What to produce> Identify the line with "reductase–mimicking catalysis temporally"; copy word for word that line and every one after it, to the end of the listing. Exclude pictures.

[Data segment — start]

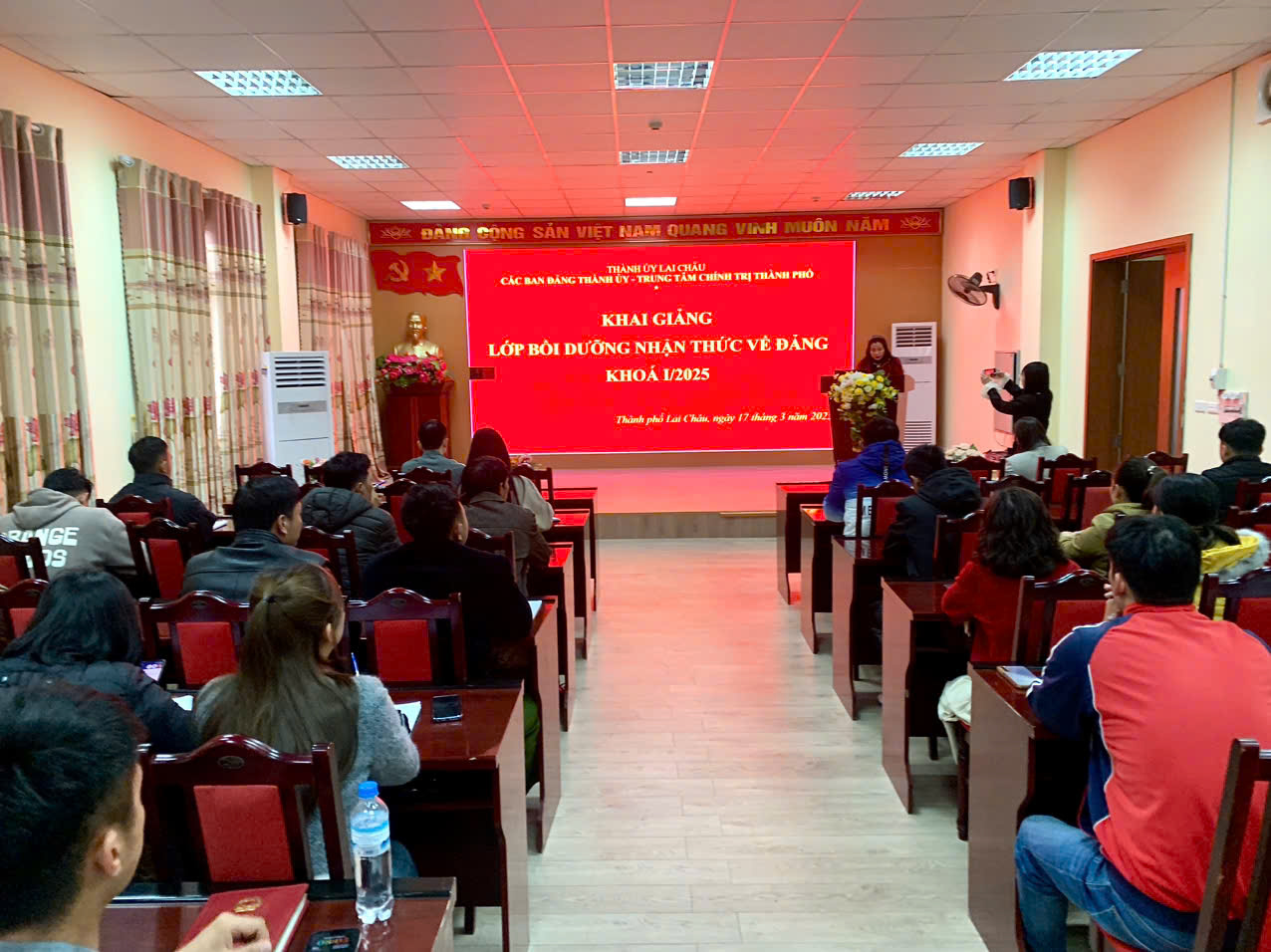 Sáng ngày 17/3, Trung tâm Chính trị thành phố phối hợp với các Ban Đảng Thành ủy tổ chức Lễ khai giảng lớp bồi dưỡng nhận thức về Đảng khóa I/2025 cho gần 40 quần chúng ưu tú của các Chi, Đảng bộ trực thuộc Đảng bộ thành phố.
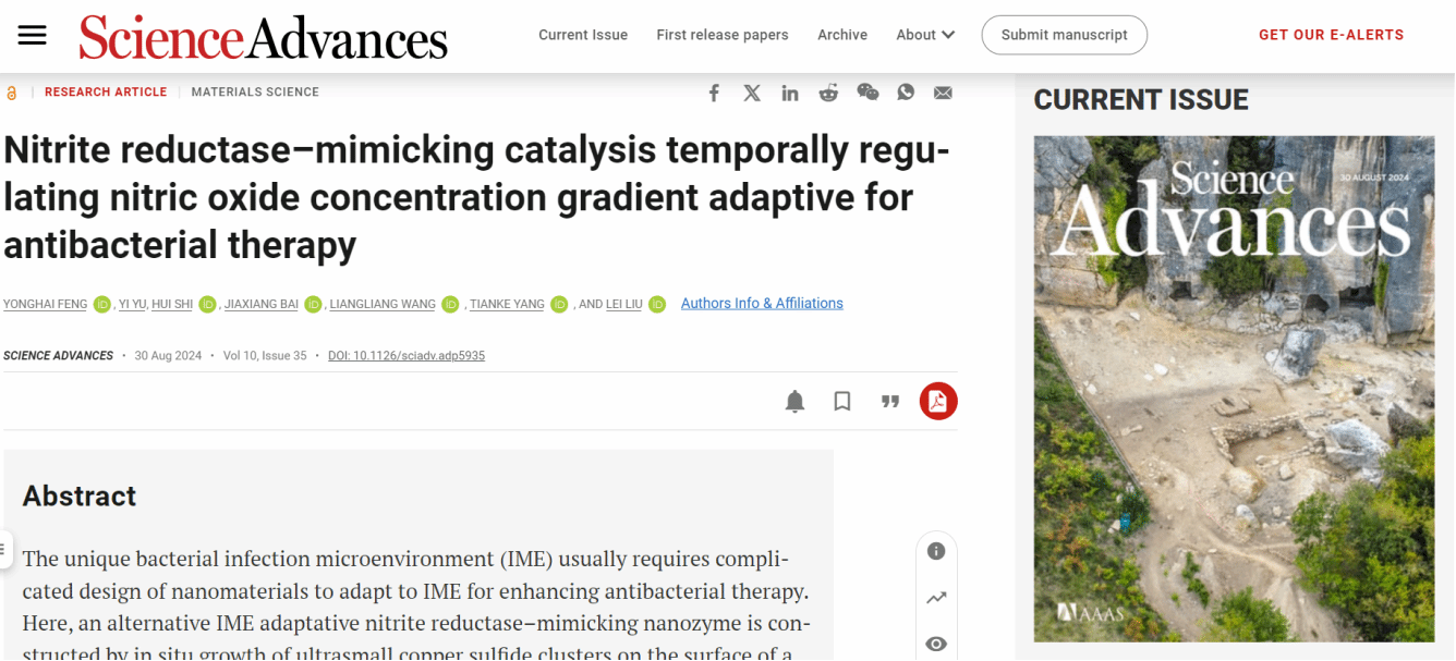 近日,我校材料科学与工程学院新材料研究院刘磊、冯永海团队在Science子刊《科学进展》(Science Advances)上在线发表研究论文“Nitrite reductase–mimicking catalysis temporally regulating nitric oxide concentration gradient adaptive for antibacterial therapy”。乐鱼官方体育网站为第一完成单位,冯永海副研究员为第一作者,刘磊研究员为最后通讯作者,南京医科大学附属常州二院王亮亮博士、中国科学技术大学附属第一医院杨甜柯博士为共同通讯作者。
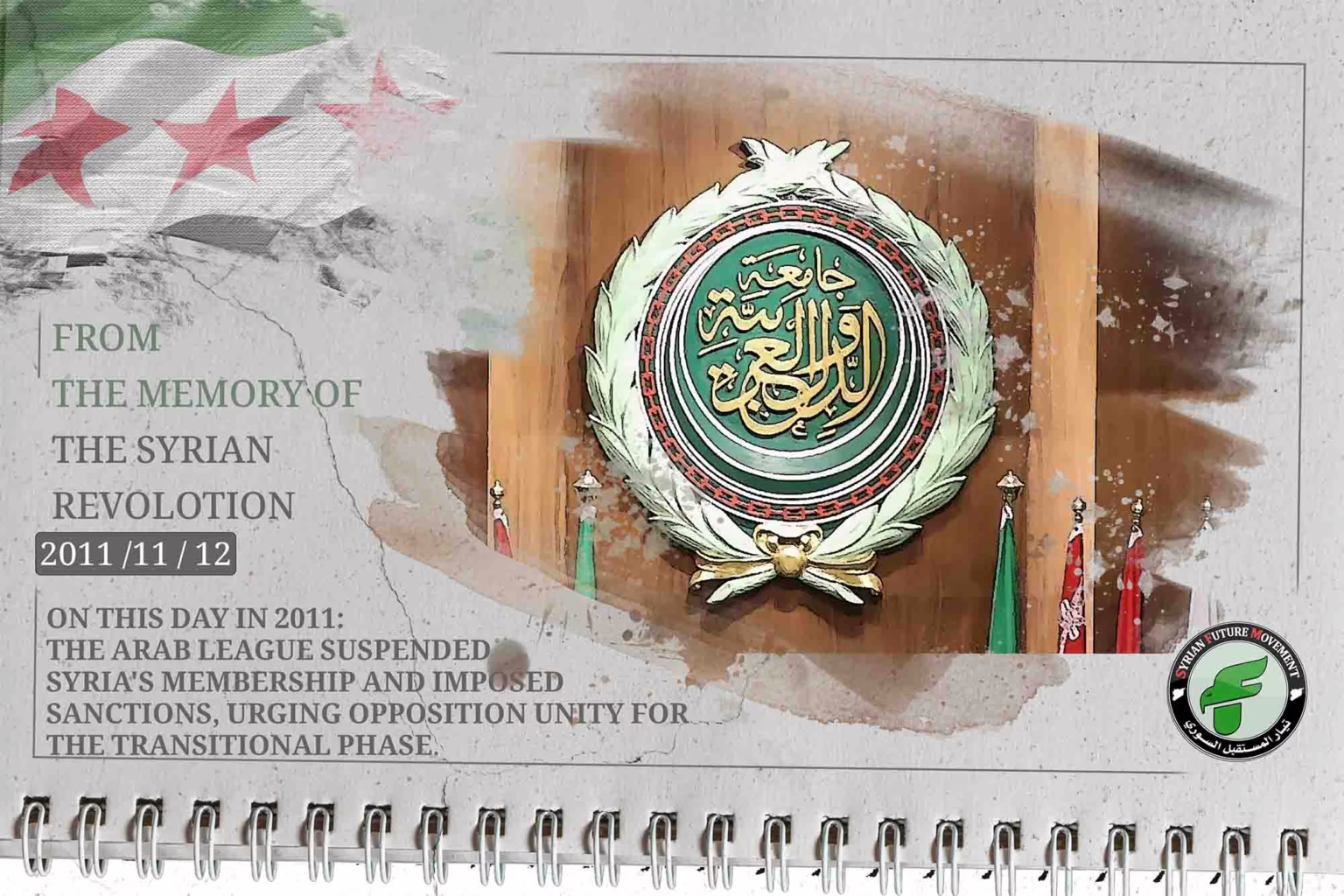 On this day in 2011: The Council of the Arab League issued Resolution No. 7438, which suspended the participation of delegations from the “Government of the Syrian Arab Republic” in the Council’s meetings and in all affiliated organizations and agencies until it fully implemented the commitments it had agreed upon under the Arab Action Plan. The Council also decided to impose several economic and political sanctions on the Syrian regime’s government, calling on the Syrian opposition to unite and meet at the League’s headquarters to agree on a unified vision for the upcoming transitional phase.

[Data segment — finish]

Exercise answer>
 近日,我校材料科学与工程学院新材料研究院刘磊、冯永海团队在Science子刊《科学进展》(Science Advances)上在线发表研究论文“Nitrite reductase–mimicking catalysis temporally regulating nitric oxide concentration gradient adaptive for antibacterial therapy”。乐鱼官方体育网站为第一完成单位,冯永海副研究员为第一作者,刘磊研究员为最后通讯作者,南京医科大学附属常州二院王亮亮博士、中国科学技术大学附属第一医院杨甜柯博士为共同通讯作者。
 On this day in 2011: The Council of the Arab League issued Resolution No. 7438, which suspended the participation of delegations from the “Government of the Syrian Arab Republic” in the Council’s meetings and in all affiliated organizations and agencies until it fully implemented the commitments it had agreed upon under the Arab Action Plan. The Council also decided to impose several economic and political sanctions on the Syrian regime’s government, calling on the Syrian opposition to unite and meet at the League’s headquarters to agree on a unified vision for the upcoming transitional phase.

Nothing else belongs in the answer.